EXERCISE DESCRIPTION ▸ Nothing but the lines below from the one containing "Vide greniersMidi-Pyrénées - Gers" through the one containing "Elegantes zapatos de" should appear in the answer, exact and without pictures.

MATERIAL PROVIDED ▸
========
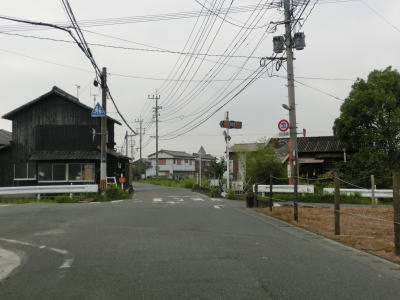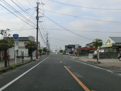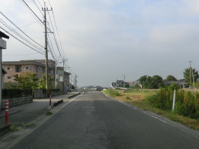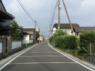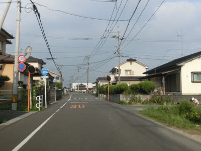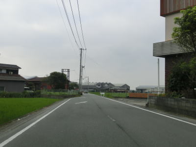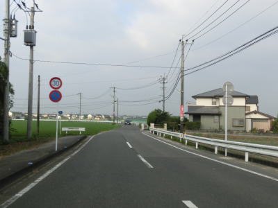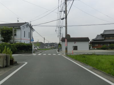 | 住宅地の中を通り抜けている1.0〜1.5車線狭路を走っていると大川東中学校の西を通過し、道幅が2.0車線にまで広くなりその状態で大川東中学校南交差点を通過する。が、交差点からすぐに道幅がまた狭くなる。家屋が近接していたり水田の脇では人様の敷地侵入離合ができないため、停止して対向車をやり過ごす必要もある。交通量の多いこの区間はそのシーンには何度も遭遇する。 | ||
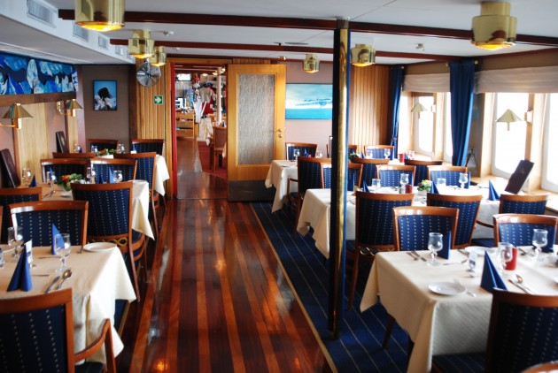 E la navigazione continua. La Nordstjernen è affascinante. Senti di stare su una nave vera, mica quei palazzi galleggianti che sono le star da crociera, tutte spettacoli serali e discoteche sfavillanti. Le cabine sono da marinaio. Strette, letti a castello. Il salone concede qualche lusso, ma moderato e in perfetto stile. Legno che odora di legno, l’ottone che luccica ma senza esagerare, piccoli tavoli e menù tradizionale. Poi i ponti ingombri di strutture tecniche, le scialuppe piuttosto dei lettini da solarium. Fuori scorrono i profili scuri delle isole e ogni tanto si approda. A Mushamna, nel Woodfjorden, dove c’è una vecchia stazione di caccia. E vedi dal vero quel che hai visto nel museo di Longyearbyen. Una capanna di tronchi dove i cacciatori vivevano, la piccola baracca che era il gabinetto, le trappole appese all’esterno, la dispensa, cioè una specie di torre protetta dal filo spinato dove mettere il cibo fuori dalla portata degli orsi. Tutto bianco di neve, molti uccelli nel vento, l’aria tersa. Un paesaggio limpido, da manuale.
========
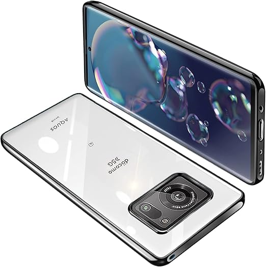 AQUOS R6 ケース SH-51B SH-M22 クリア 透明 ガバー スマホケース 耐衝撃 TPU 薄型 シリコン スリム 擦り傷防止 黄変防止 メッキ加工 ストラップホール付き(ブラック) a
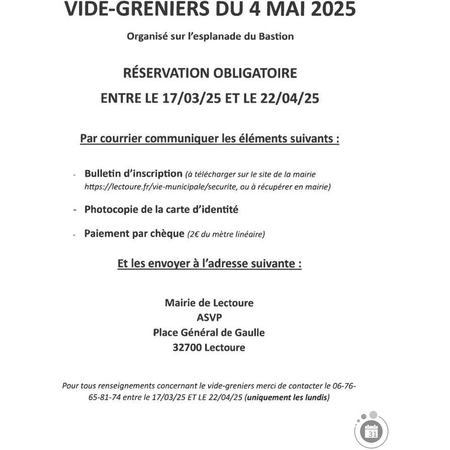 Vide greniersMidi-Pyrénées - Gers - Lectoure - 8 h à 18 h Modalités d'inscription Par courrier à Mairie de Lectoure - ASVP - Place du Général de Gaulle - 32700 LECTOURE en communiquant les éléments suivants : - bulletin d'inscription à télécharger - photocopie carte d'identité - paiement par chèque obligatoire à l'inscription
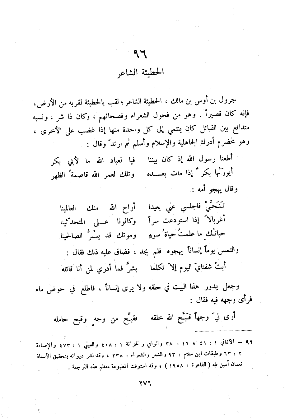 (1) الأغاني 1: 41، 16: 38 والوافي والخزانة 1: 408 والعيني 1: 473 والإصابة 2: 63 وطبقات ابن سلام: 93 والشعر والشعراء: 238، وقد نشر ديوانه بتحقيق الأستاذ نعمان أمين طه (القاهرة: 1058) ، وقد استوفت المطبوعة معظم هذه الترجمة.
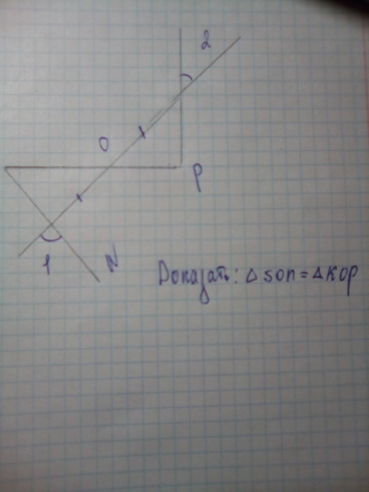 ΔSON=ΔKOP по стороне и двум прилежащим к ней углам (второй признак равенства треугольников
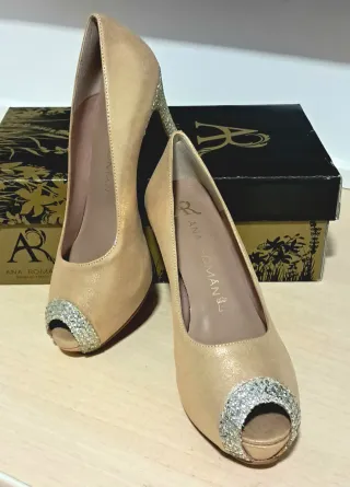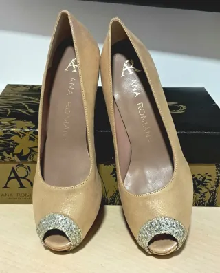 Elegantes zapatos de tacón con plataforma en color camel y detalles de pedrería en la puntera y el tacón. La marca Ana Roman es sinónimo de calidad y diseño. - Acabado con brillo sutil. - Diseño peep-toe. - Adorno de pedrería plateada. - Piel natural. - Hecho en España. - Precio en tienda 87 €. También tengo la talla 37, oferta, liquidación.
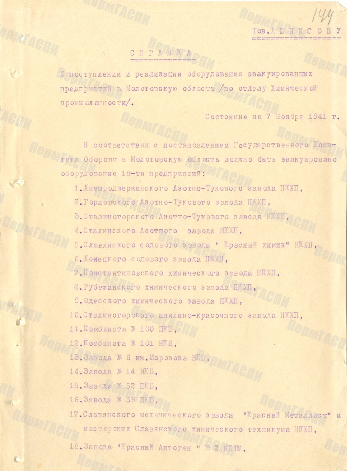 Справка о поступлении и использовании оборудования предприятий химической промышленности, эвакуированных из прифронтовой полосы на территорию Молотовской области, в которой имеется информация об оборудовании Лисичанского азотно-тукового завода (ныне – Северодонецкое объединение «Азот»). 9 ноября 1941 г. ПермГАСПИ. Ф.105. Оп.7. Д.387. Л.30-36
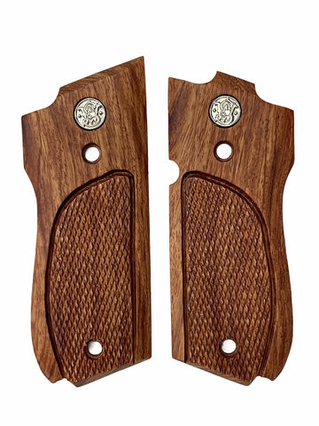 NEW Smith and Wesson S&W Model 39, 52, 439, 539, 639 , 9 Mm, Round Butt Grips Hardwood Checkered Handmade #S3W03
========
RESPONSE TO THE TASK ▸
 Vide greniersMidi-Pyrénées - Gers - Lectoure - 8 h à 18 h Modalités d'inscription Par courrier à Mairie de Lectoure - ASVP - Place du Général de Gaulle - 32700 LECTOURE en communiquant les éléments suivants : - bulletin d'inscription à télécharger - photocopie carte d'identité - paiement par chèque obligatoire à l'inscription
 (1) الأغاني 1: 41، 16: 38 والوافي والخزانة 1: 408 والعيني 1: 473 والإصابة 2: 63 وطبقات ابن سلام: 93 والشعر والشعراء: 238، وقد نشر ديوانه بتحقيق الأستاذ نعمان أمين طه (القاهرة: 1058) ، وقد استوفت المطبوعة معظم هذه الترجمة.
 ΔSON=ΔKOP по стороне и двум прилежащим к ней углам (второй признак равенства треугольников
 Elegantes zapatos de tacón con plataforma en color camel y detalles de pedrería en la puntera y el tacón. La marca Ana Roman es sinónimo de calidad y diseño. - Acabado con brillo sutil. - Diseño peep-toe. - Adorno de pedrería plateada. - Piel natural. - Hecho en España. - Precio en tienda 87 €. También tengo la talla 37, oferta, liquidación.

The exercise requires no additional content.